Besides, even in the unlikely case that the road data bank is complete and has no erroneous or missing information, it is not a statistical database that easily lends itself to tabulating the data in summary form, i.e. as total, annual numbers for of all of Sweden. Moreover, somewhat arbitrary decisions would have to be made with respect to what to include and count as road safety measures. Should, for example, resurfacing of roads, provided data existed about it, be included? Should replacing worn traffic signs be included? Or are these measures too trivial to be included?

Reconstructing historically the implementation of all road safety measures would be draconian task if the data existed. However, the data do not exist, and we are thus spared from the draconian task. Long time series of data exist only for very few road safety measures. In Sweden this includes the length of motorways and 2+1 roads, the number of random breath tests, the number of speed cameras, and seat belt wearing. Major changes in speed limits may also be reconstructed. The dates of important new legislation, like mandatory daytime running lights, are known. Apart from this, we essentially know nothing about the history of road safety measures and hence nothing about the history of road safety policy.

Yet, even if we try to include and code as numerical variables what little we do know, these variables will be highly correlated with other variables we want to include—various confounding variables we want to control for. Four variables describing road safety policy were tested in this study. Only one of them was found to have a statistically consistent relationship to the number of fatalities: the length of motorways and 2+1 roads. The other three variables either switched sign depending on which other variables were included in the models or became statistically insignificant. This lack of consistency does not support a causal interpretation of these variables. Besides, with data for only 38 years, it is not possible to include more than about 4 independent variables in a statistical analysis.

The final models included just four independent variables, but these were highly correlated. The multivariate time-series model was clearly the best of the three statistical models that were compared. The estimate of the effect of road safety policy in 2018 based on this model, a fatality reduction of 27.6% is implausibly low. A trend line fitted to the number of fatalities from 1981 to 2018 shows a total reduction of 72.6%. If the estimated contribution from policy is correct, it explains only 38% of the decline. This is probably too low, and contributions from, for example, safer cars are embedded in the trend term (the year count variable). In short, the main result of the study is probably misleading and nothing can be learned from it with respect to future development of a more effective road safety policy. We are, in other words, not in a position where we can learn anything from the history of road safety policy, at least not based on the approach adopted in this paper.
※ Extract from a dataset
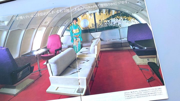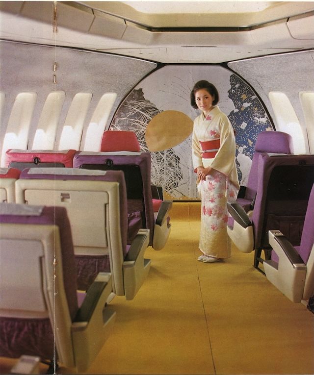ファーストクラスは1階・2階とも加山又造画伯の壁画(キャビンは「銀河の図」、ラウンジは「日輪草花図」)。エコノミークラスの壁面には日本の四季を代表する草木の絵が鮮やかに描かれていました。外国人客からは「京都が空を飛んでいる」と大変評判だったそうです。

As a sensitivity analysis, a simple policy index was developed by adding the values of motorway length and random breath tests per million vehicle kilometers of travel. The value of the index was set equal to 100 for 1981. It grew irregularly, reaching a maximum value of 465 in 2011, then declining to 387 in 2016, before increasing again to 395 in 2018. The results of a time-series analysis using this index were similar to those obtained using only motorway length. Road safety policy became more effective after adopting Vision Zero and was at its most effective until about 2011.

One possible approach to strengthen the basis for causal inferences would be to do separate analyses for rural and urban areas. One would then expect, for example, the contribution of motorways to reducing fatalities to be larger in rural areas than in urban areas. Such a finding would support what Fridstrøm (2015) calls the ‘casualty subset testʼ: A road safety measure should have a larger effect within a clearly designated target group than outside the target group. On the other hand, it might be the case that fatalities have been reduced just as much, or more, in urban areas than in rural areas—not as a result of new motorways, but perhaps as a result of traffic calming and more roundabouts. However, as long as the available data on traffic calming and roundabouts are too incomplete to include in a statistical analysis, the decline would, erroneously, be attributed to new motorways. Even more absurd examples can easily be found. In one model developed for Norway (unpublished, as part of exploratory analysis), increased seat belt wearing was found to be associated with fewer pedestrian and cyclist fatalities. The two variables simply happened to be highly correlated in time, but there clearly is no causal relationship between them.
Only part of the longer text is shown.